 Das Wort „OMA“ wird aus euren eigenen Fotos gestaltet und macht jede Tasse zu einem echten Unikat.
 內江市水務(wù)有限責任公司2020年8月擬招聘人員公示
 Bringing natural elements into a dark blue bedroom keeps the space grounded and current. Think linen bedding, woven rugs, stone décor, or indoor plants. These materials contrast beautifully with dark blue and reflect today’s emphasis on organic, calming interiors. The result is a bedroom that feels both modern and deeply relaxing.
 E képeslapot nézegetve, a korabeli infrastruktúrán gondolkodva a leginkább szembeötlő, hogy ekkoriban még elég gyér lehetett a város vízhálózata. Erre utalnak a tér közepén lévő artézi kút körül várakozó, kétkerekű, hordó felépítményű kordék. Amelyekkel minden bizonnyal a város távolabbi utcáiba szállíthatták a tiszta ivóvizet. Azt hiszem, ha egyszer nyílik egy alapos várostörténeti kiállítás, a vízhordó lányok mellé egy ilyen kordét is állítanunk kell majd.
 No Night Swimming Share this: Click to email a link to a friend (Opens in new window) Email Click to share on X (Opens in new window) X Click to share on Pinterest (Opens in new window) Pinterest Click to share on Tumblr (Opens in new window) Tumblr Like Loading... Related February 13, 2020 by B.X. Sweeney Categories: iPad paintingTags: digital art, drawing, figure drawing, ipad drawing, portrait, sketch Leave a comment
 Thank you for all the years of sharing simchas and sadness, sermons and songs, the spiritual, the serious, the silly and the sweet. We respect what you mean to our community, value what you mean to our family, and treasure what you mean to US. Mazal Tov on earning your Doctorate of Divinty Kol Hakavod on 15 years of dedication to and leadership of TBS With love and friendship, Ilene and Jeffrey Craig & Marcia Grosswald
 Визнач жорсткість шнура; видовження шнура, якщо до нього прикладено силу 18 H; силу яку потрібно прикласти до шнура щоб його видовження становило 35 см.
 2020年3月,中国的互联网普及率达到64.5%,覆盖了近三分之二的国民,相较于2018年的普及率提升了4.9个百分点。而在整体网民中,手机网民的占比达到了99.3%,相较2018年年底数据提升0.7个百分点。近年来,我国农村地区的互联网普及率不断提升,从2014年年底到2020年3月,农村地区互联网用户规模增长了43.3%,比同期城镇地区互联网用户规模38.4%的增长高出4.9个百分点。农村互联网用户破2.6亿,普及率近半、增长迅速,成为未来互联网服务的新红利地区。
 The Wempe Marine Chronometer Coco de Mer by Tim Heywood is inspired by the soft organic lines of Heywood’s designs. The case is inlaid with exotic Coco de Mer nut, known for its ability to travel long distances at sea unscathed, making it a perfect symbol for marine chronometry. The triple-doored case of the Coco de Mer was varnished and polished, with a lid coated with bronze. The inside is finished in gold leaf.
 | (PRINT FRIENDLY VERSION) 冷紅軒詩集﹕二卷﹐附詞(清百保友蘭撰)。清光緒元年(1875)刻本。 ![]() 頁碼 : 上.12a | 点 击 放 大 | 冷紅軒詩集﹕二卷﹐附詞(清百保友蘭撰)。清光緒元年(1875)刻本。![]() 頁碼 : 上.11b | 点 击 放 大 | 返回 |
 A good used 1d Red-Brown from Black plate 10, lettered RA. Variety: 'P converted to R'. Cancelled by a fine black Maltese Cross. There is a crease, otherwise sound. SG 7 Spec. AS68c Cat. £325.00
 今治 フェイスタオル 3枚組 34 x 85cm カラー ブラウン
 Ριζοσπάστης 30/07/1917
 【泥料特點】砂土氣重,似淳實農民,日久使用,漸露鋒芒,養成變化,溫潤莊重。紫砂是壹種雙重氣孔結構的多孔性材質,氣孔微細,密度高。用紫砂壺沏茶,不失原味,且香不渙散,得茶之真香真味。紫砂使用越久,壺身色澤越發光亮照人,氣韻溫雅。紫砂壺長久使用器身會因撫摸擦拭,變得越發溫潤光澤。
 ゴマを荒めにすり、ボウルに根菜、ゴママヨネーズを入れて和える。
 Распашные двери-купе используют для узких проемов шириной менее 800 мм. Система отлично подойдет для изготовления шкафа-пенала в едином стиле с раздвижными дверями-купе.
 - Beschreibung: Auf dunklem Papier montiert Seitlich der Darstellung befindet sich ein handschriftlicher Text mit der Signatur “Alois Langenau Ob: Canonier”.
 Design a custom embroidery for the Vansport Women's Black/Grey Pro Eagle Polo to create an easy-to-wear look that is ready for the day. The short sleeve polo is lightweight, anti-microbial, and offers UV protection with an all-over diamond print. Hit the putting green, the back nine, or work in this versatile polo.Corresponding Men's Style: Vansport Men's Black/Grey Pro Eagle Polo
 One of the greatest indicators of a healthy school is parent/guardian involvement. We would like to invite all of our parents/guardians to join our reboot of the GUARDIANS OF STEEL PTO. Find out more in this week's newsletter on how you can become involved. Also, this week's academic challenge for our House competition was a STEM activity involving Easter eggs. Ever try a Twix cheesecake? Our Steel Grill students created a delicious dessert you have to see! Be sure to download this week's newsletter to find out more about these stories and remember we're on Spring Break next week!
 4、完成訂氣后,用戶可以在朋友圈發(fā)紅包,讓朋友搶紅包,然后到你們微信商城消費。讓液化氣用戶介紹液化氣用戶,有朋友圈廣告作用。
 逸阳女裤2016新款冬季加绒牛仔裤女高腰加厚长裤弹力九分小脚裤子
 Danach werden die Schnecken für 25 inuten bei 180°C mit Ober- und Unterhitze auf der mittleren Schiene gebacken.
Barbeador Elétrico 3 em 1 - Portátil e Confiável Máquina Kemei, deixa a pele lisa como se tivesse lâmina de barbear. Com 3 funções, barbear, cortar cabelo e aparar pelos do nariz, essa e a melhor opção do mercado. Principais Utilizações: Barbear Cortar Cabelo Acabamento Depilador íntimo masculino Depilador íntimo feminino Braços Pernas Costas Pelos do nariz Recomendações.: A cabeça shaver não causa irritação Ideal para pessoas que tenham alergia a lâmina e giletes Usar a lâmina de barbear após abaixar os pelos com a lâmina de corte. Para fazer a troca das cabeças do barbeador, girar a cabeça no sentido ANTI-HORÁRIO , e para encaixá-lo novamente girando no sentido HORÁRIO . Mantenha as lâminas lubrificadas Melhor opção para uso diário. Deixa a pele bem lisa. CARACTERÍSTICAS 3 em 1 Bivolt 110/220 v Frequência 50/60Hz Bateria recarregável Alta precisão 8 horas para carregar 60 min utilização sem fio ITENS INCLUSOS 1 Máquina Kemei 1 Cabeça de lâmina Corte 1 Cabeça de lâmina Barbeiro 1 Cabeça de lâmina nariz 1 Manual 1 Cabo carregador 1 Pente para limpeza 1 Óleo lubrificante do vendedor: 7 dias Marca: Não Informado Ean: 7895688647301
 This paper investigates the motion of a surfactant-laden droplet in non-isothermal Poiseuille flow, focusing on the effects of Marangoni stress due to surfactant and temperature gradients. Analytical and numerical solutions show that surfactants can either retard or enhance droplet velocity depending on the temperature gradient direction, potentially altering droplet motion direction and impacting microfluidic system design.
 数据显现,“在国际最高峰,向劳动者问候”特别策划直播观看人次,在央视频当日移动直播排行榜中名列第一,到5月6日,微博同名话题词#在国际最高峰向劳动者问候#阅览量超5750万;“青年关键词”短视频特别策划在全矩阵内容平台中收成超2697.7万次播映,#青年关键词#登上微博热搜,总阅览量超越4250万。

-- -- --

What needs to be done: The reply must present every entry, transcribed with its exact wording.

Your solution:
 Das Wort „OMA“ wird aus euren eigenen Fotos gestaltet und macht jede Tasse zu einem echten Unikat.
 內江市水務(wù)有限責任公司2020年8月擬招聘人員公示
 Bringing natural elements into a dark blue bedroom keeps the space grounded and current. Think linen bedding, woven rugs, stone décor, or indoor plants. These materials contrast beautifully with dark blue and reflect today’s emphasis on organic, calming interiors. The result is a bedroom that feels both modern and deeply relaxing.
 E képeslapot nézegetve, a korabeli infrastruktúrán gondolkodva a leginkább szembeötlő, hogy ekkoriban még elég gyér lehetett a város vízhálózata. Erre utalnak a tér közepén lévő artézi kút körül várakozó, kétkerekű, hordó felépítményű kordék. Amelyekkel minden bizonnyal a város távolabbi utcáiba szállíthatták a tiszta ivóvizet. Azt hiszem, ha egyszer nyílik egy alapos várostörténeti kiállítás, a vízhordó lányok mellé egy ilyen kordét is állítanunk kell majd.
 No Night Swimming Share this: Click to email a link to a friend (Opens in new window) Email Click to share on X (Opens in new window) X Click to share on Pinterest (Opens in new window) Pinterest Click to share on Tumblr (Opens in new window) Tumblr Like Loading... Related February 13, 2020 by B.X. Sweeney Categories: iPad paintingTags: digital art, drawing, figure drawing, ipad drawing, portrait, sketch Leave a comment
 Thank you for all the years of sharing simchas and sadness, sermons and songs, the spiritual, the serious, the silly and the sweet. We respect what you mean to our community, value what you mean to our family, and treasure what you mean to US. Mazal Tov on earning your Doctorate of Divinty Kol Hakavod on 15 years of dedication to and leadership of TBS With love and friendship, Ilene and Jeffrey Craig & Marcia Grosswald
 Визнач жорсткість шнура; видовження шнура, якщо до нього прикладено силу 18 H; силу яку потрібно прикласти до шнура щоб його видовження становило 35 см.
 2020年3月,中国的互联网普及率达到64.5%,覆盖了近三分之二的国民,相较于2018年的普及率提升了4.9个百分点。而在整体网民中,手机网民的占比达到了99.3%,相较2018年年底数据提升0.7个百分点。近年来,我国农村地区的互联网普及率不断提升,从2014年年底到2020年3月,农村地区互联网用户规模增长了43.3%,比同期城镇地区互联网用户规模38.4%的增长高出4.9个百分点。农村互联网用户破2.6亿,普及率近半、增长迅速,成为未来互联网服务的新红利地区。
 The Wempe Marine Chronometer Coco de Mer by Tim Heywood is inspired by the soft organic lines of Heywood’s designs. The case is inlaid with exotic Coco de Mer nut, known for its ability to travel long distances at sea unscathed, making it a perfect symbol for marine chronometry. The triple-doored case of the Coco de Mer was varnished and polished, with a lid coated with bronze. The inside is finished in gold leaf.
 | (PRINT FRIENDLY VERSION) 冷紅軒詩集﹕二卷﹐附詞(清百保友蘭撰)。清光緒元年(1875)刻本。 ![]() 頁碼 : 上.12a | 点 击 放 大 | 冷紅軒詩集﹕二卷﹐附詞(清百保友蘭撰)。清光緒元年(1875)刻本。![]() 頁碼 : 上.11b | 点 击 放 大 | 返回 |
 A good used 1d Red-Brown from Black plate 10, lettered RA. Variety: 'P converted to R'. Cancelled by a fine black Maltese Cross. There is a crease, otherwise sound. SG 7 Spec. AS68c Cat. £325.00
 今治 フェイスタオル 3枚組 34 x 85cm カラー ブラウン
 Ριζοσπάστης 30/07/1917
 【泥料特點】砂土氣重,似淳實農民,日久使用,漸露鋒芒,養成變化,溫潤莊重。紫砂是壹種雙重氣孔結構的多孔性材質,氣孔微細,密度高。用紫砂壺沏茶,不失原味,且香不渙散,得茶之真香真味。紫砂使用越久,壺身色澤越發光亮照人,氣韻溫雅。紫砂壺長久使用器身會因撫摸擦拭,變得越發溫潤光澤。
 ゴマを荒めにすり、ボウルに根菜、ゴママヨネーズを入れて和える。
 Распашные двери-купе используют для узких проемов шириной менее 800 мм. Система отлично подойдет для изготовления шкафа-пенала в едином стиле с раздвижными дверями-купе.
 - Beschreibung: Auf dunklem Papier montiert Seitlich der Darstellung befindet sich ein handschriftlicher Text mit der Signatur “Alois Langenau Ob: Canonier”.
 Design a custom embroidery for the Vansport Women's Black/Grey Pro Eagle Polo to create an easy-to-wear look that is ready for the day. The short sleeve polo is lightweight, anti-microbial, and offers UV protection with an all-over diamond print. Hit the putting green, the back nine, or work in this versatile polo.Corresponding Men's Style: Vansport Men's Black/Grey Pro Eagle Polo
 One of the greatest indicators of a healthy school is parent/guardian involvement. We would like to invite all of our parents/guardians to join our reboot of the GUARDIANS OF STEEL PTO. Find out more in this week's newsletter on how you can become involved. Also, this week's academic challenge for our House competition was a STEM activity involving Easter eggs. Ever try a Twix cheesecake? Our Steel Grill students created a delicious dessert you have to see! Be sure to download this week's newsletter to find out more about these stories and remember we're on Spring Break next week!
 4、完成訂氣后,用戶可以在朋友圈發(fā)紅包,讓朋友搶紅包,然后到你們微信商城消費。讓液化氣用戶介紹液化氣用戶,有朋友圈廣告作用。
 逸阳女裤2016新款冬季加绒牛仔裤女高腰加厚长裤弹力九分小脚裤子
 Danach werden die Schnecken für 25 inuten bei 180°C mit Ober- und Unterhitze auf der mittleren Schiene gebacken.
Barbeador Elétrico 3 em 1 - Portátil e Confiável Máquina Kemei, deixa a pele lisa como se tivesse lâmina de barbear. Com 3 funções, barbear, cortar cabelo e aparar pelos do nariz, essa e a melhor opção do mercado. Principais Utilizações: Barbear Cortar Cabelo Acabamento Depilador íntimo masculino Depilador íntimo feminino Braços Pernas Costas Pelos do nariz Recomendações.: A cabeça shaver não causa irritação Ideal para pessoas que tenham alergia a lâmina e giletes Usar a lâmina de barbear após abaixar os pelos com a lâmina de corte. Para fazer a troca das cabeças do barbeador, girar a cabeça no sentido ANTI-HORÁRIO , e para encaixá-lo novamente girando no sentido HORÁRIO . Mantenha as lâminas lubrificadas Melhor opção para uso diário. Deixa a pele bem lisa. CARACTERÍSTICAS 3 em 1 Bivolt 110/220 v Frequência 50/60Hz Bateria recarregável Alta precisão 8 horas para carregar 60 min utilização sem fio ITENS INCLUSOS 1 Máquina Kemei 1 Cabeça de lâmina Corte 1 Cabeça de lâmina Barbeiro 1 Cabeça de lâmina nariz 1 Manual 1 Cabo carregador 1 Pente para limpeza 1 Óleo lubrificante do vendedor: 7 dias Marca: Não Informado Ean: 7895688647301
 This paper investigates the motion of a surfactant-laden droplet in non-isothermal Poiseuille flow, focusing on the effects of Marangoni stress due to surfactant and temperature gradients. Analytical and numerical solutions show that surfactants can either retard or enhance droplet velocity depending on the temperature gradient direction, potentially altering droplet motion direction and impacting microfluidic system design.
 数据显现,“在国际最高峰,向劳动者问候”特别策划直播观看人次,在央视频当日移动直播排行榜中名列第一,到5月6日,微博同名话题词#在国际最高峰向劳动者问候#阅览量超5750万;“青年关键词”短视频特别策划在全矩阵内容平台中收成超2697.7万次播映,#青年关键词#登上微博热搜,总阅览量超越4250万。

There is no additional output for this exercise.